[jamaica gleaner] LIME has confirmed that it struck a deal with Telecomunicaciones Gran Caribe (TGC), the Venezuelan/Cuban conglomerate granted a licence last year to build a fibre-optic link from Jamaica to Cuba.
Three telecoms, LIME Jamaica, its arch-rival Digicel Group, and operators of the Flow network Columbus Communications, said then they were negotiating a partnership with TGC on its US$70 million project.
"There's been speculation about a Cuban deal for months but nothing had been agreed. Well now, it's a done deal ...," said LIME in a teaser for an announcement to be made Thursday.
Reports that the Latin American operation had settled on LIME Jamaica began to surface after press reports out of London said its ultimate parent Cable and Wireless Plc had secured a contract to build out a fibre link between Jamaica and Cuba.
LIME kept denying that it had struck a deal with TGC, but insiders now say the company did so because it was wary of upsetting the Cubans, were the details to leak out prematurely.
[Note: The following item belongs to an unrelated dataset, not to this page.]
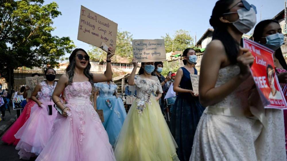 Photos: Unrest in MyanmarWomen in wedding gowns holds up anti-coup placards in Yangon on February 10.Hide Caption 71 of 82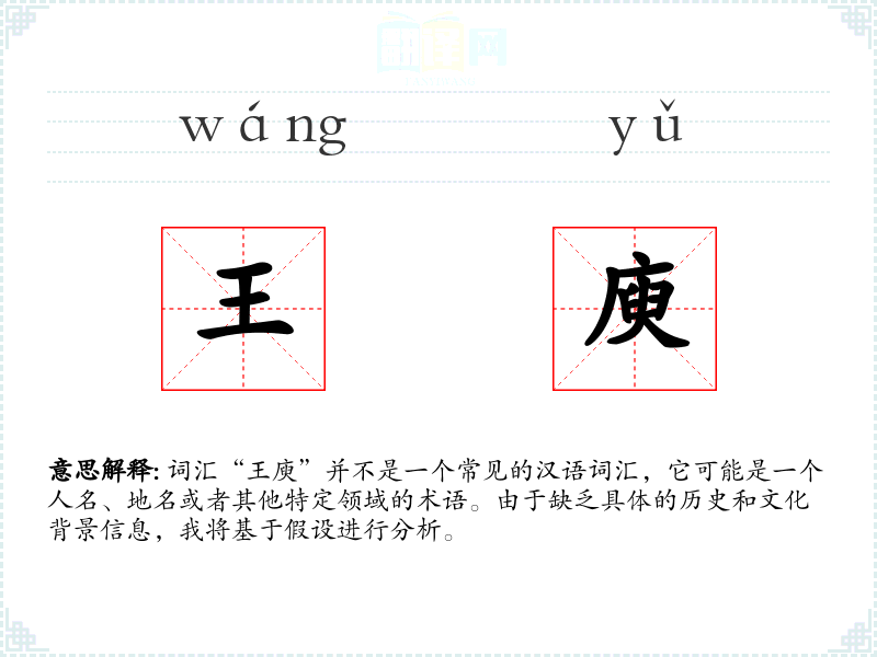 词汇“王庾”并不是一个常见的汉语词汇,它可能是一个人名、地名或者其他特定领域的术语。由于缺乏具体的历史和文化背景信息,我将基于假设进行分析。

LIME executives, Geoff Houston, country manager for Jamaica and Cayman Islands, and Caribbean head David Shaw will join TGC executives - president Wilfredo Morales, and vice president Waldo Reboredo Arroyo - to announce their partnership over lunch in Kingston.
The licence granted to TGC in December allows the company to complete a submarine fibre optic cable link for telecommunications traffic between Caracas, Havana, and Kingston.
TGC was the sole bidder for the Jamaica-Cuba submarine cable, which includes a spur to Haiti, which lies just west of the two countries.
Gran Caribe, which is owned 60 per cent by the state-owned Telecom Venezuela and 40 per cent by Cuba's Telco Transbit, also plans to run nearly 1,000 miles of cable from Maiquetia, in northern Venezuela, to Siboney, in Cuba's eastern province of Santiago de Cuba.
The Cuba/Venezuela leg is expected to link to Trinidad and Tobago and the Dutch territory of Curaçao.